Only an exact repetition is needed: the lines from the start of the listing below through the line that contains "Job Phases can", pictures omitted.

"""

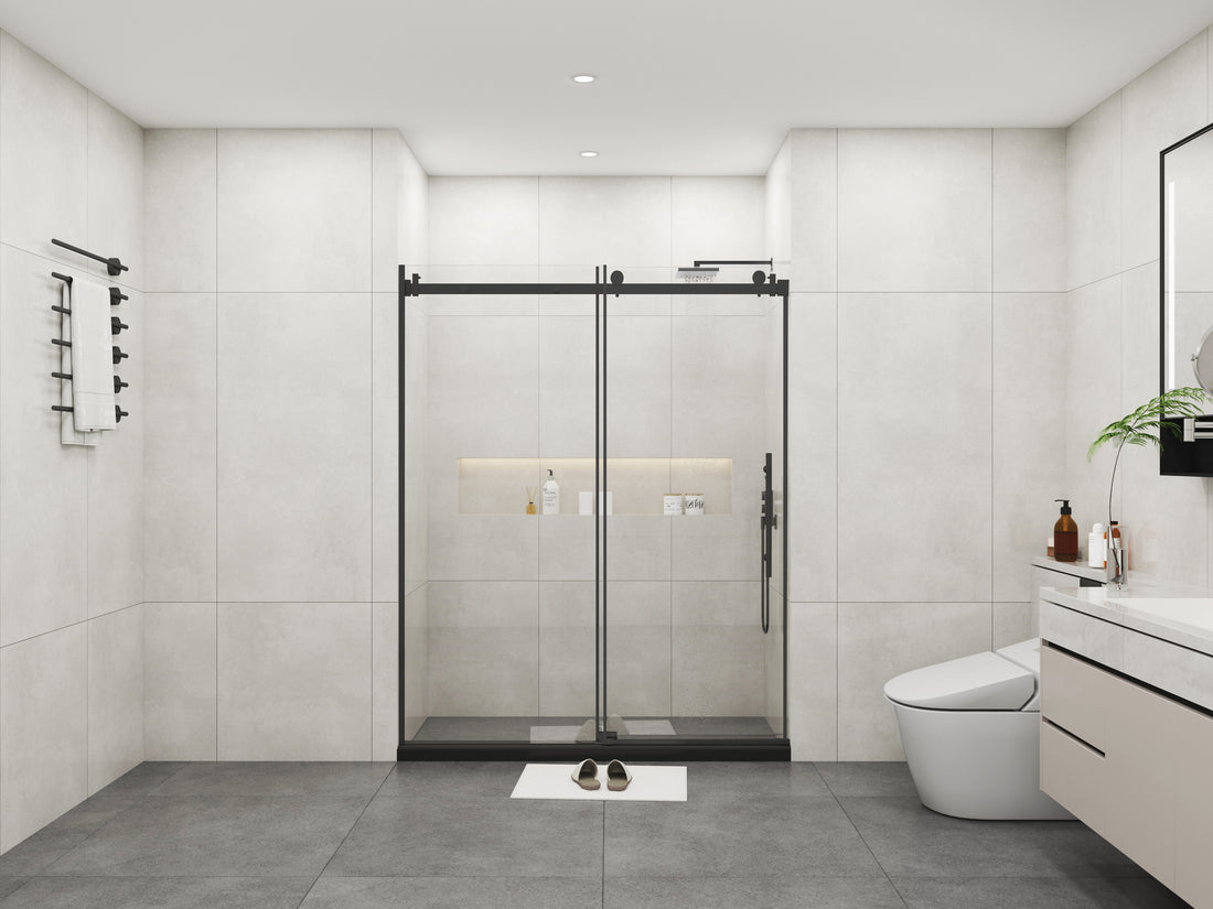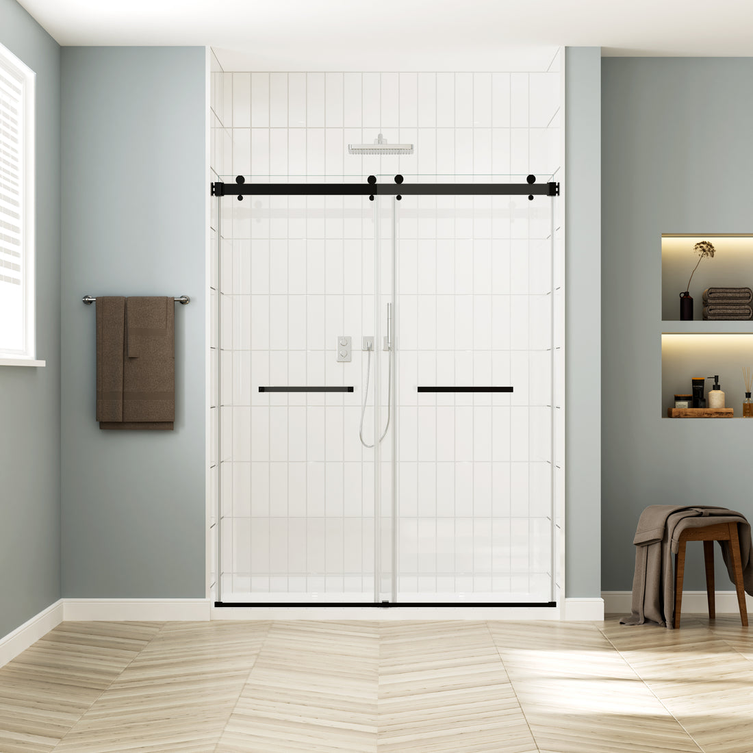 Frameless Double Sliding Shower, 57" 60" Width, 79" Height, 3 8" 10 Mm Clear Tempered Glass,Designed For Smooth Door Closing With Upgraded Crashproof System Technology Matte Black Finish Matte Black Glass
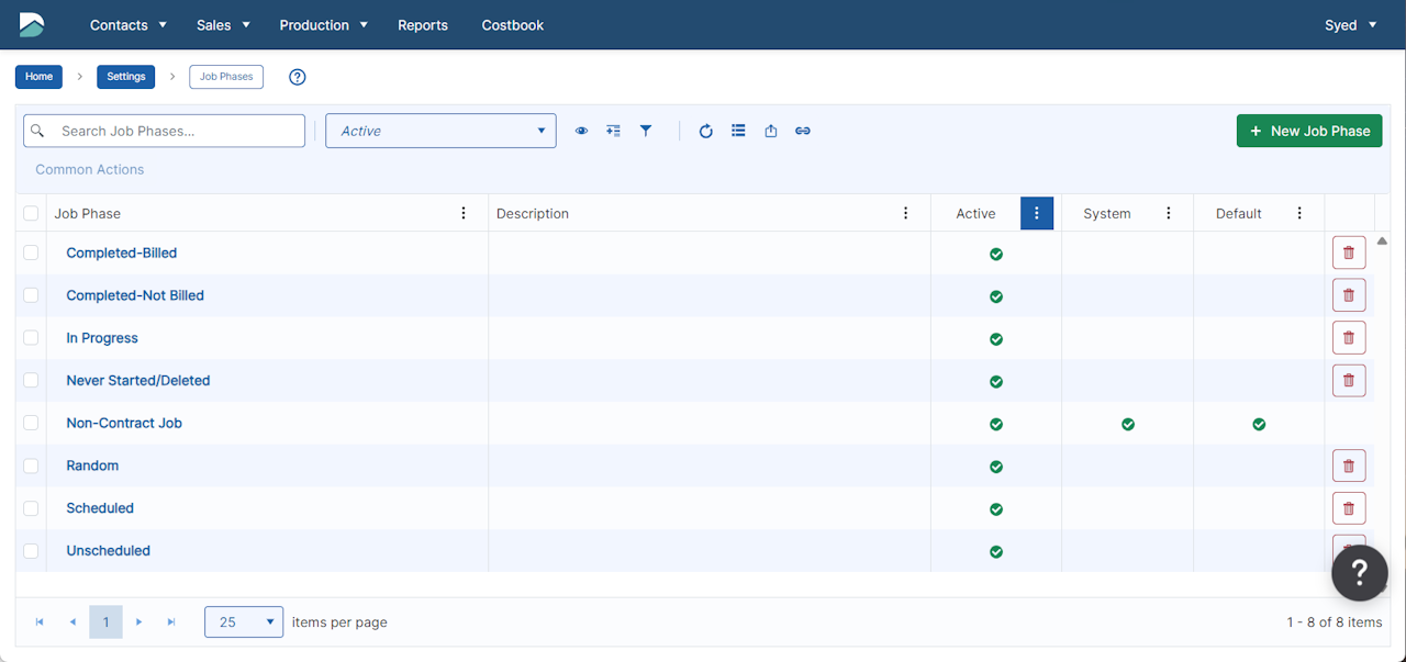 Job Phases can be used to manage the stage in which each job currently exists. This can be useful when sorting or filtering the Job Page. Additionally, this can be used as a filter on the Job Management reports to allow the report to only run against certain jobs.
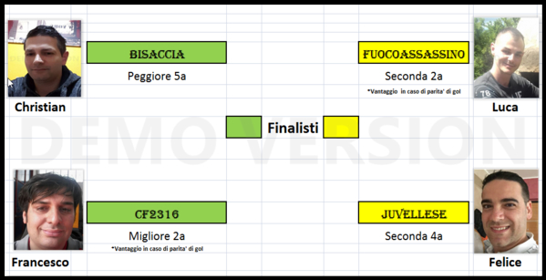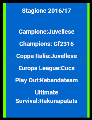 Lega aggiornata,commenti su tutte le finali,appena avro' tempo reinseriro' i tabelloni completi per lasciare in albo d'oro la migliore impagninazione possibile,per ora la home e' aggiornata e partono i complimenti per la Juvellese di Felix80 che ha schiantato 5-3 in finale il Cf2315 di Francesco Caranci.Al 3° posto Fuocoassassino di Luca Iannaccone a precedere il Bisaccia di Crhistian di Pinto terminato 4°. La Champions va a Cf2316 su La Mandrakata terminata 2a anche in Coppa Italia battuta dalla Juvellese.Play out ad appannaggio del Kebandateam di Francesco Stucchi che ha battuto Il padrino d...
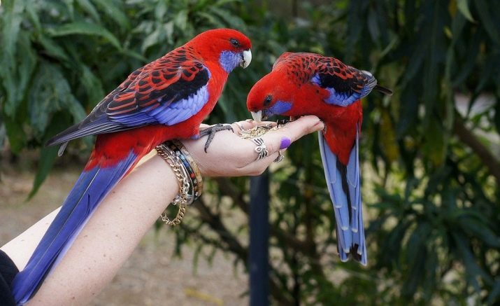 This type of parrot is gaining popularity recently.Roselles are characterized by a bright contrasting color, the combination of colors in the plumage of this parrot can be anything. Often there are blue-red, red-yellow, yellow-blue colors, plumage on the back of the rosella resembles scales. They are slightly larger than a wavy parrot, have a wayward character, high imitative abilities, and have a strong beak that can gnaw through wires.
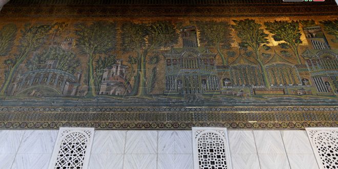 Nazir Awad, subdirector general de la Institución de Antigüedades y Museos, comentó a SANA sobre el tema y dijo que el mosaico refleja una de las artes omeyas más importantes, donde los artesanos de Damasco pusieron toda su experiencia artística y decorativa en la mezquita que se construyó entre los años 705 y 715.
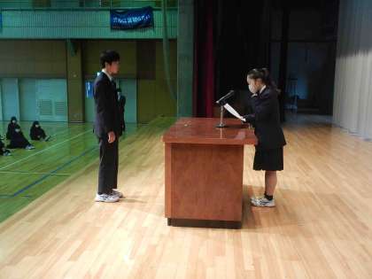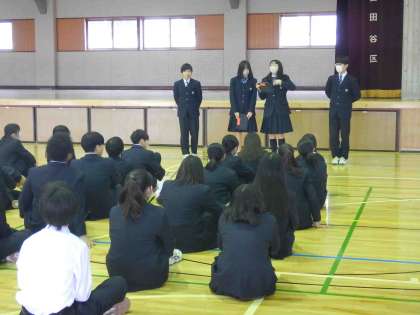 また、全校朝礼後には2学年が集会を行い、学級委員から呼びかけを行いました。
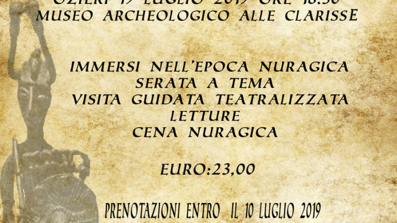 Venerdì 19 Luglio 2019 l’appuntamento è al Museo Civico Archeologico “Alle Clarisse” di Ozieri con la serata a tema “ A cena con la storia… Nuragica”, per immergersi nell’epoca del bronzo, quella degli antichi Nuragici.
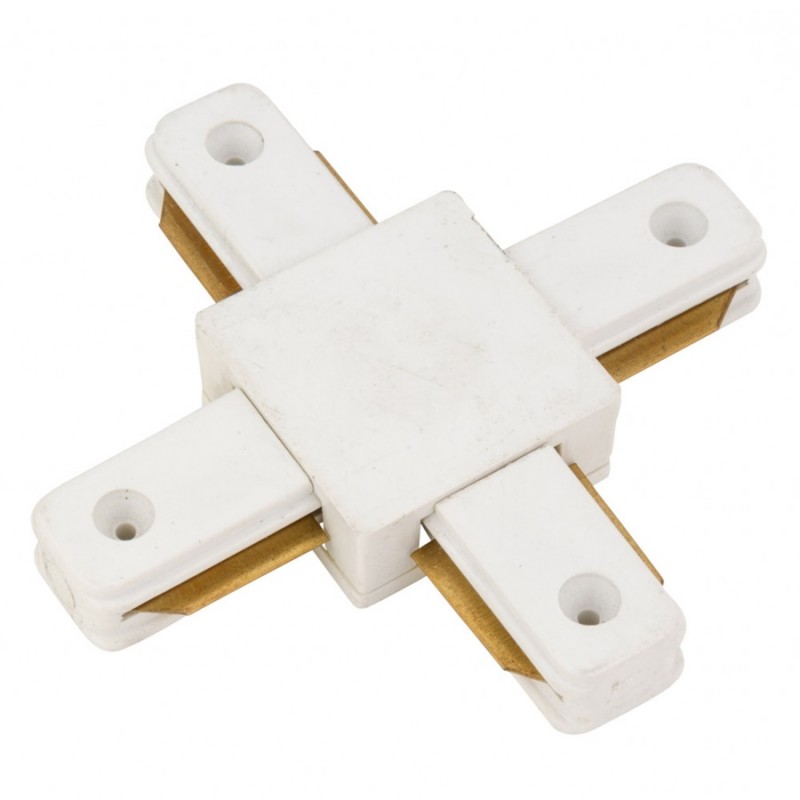 Unión X Blanca UXC2CB para carril monofásico para unir y alimentar cuatro tramos de carril en angulo.
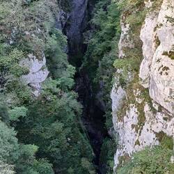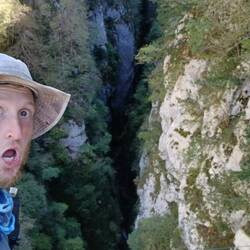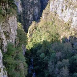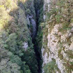 Nach einer ruhigen Nacht, wo der Magen sich nur selten mal mit einem Grummeln gemeldet hat, brechen wir voll eingepackt auf. Zwar steht keine Wolke am Himmel, aber im Tal macht sich die Herbstfrische bemerkbar. Erst nach den ersten Höhenmetern und mit der Sonne ziehen wir uns leichter an. An der ersten Berghütte setzen wir uns vornedran und genießen unser Frühstück. Auf den letzten Metern bis zum Pass übersetze ich ein paar Worte in die baskische Sprache, da wir Gestern bei dem Restaurant die Gastwirtin und ihren Mann baskisch sprechen gehört haben und es sehr fremd klang. So heißt Hallo-Kaixo (Kaisho), Guten Tag-Egun on und Dankeschön-Eskerrik Asko. Nach ein paar Wiederholungen versuche ich andere Wandernde auf baskisch zu begrüßen. Derweil laufen wir vom Bergkamm weit in eine Schlucht in einer riesen S-Kurve, wo ein Mann mir mit Egun on antwortet und Anne damit etwas überrascht. Wir kommen an eine größere Hängebrücke, die über die 150m tiefe Schlucht gespannt ist. Ich frage mich, wie viele Jahre pro Sekunde in einem Zeitraffer vergehen müssten, wie das Wasser sich langsam Meter für Meter in den Felsen gräbt.

"""

[Answer to the exercise]
 Frameless Double Sliding Shower, 57" 60" Width, 79" Height, 3 8" 10 Mm Clear Tempered Glass,Designed For Smooth Door Closing With Upgraded Crashproof System Technology Matte Black Finish Matte Black Glass
 Job Phases can be used to manage the stage in which each job currently exists. This can be useful when sorting or filtering the Job Page. Additionally, this can be used as a filter on the Job Management reports to allow the report to only run against certain jobs.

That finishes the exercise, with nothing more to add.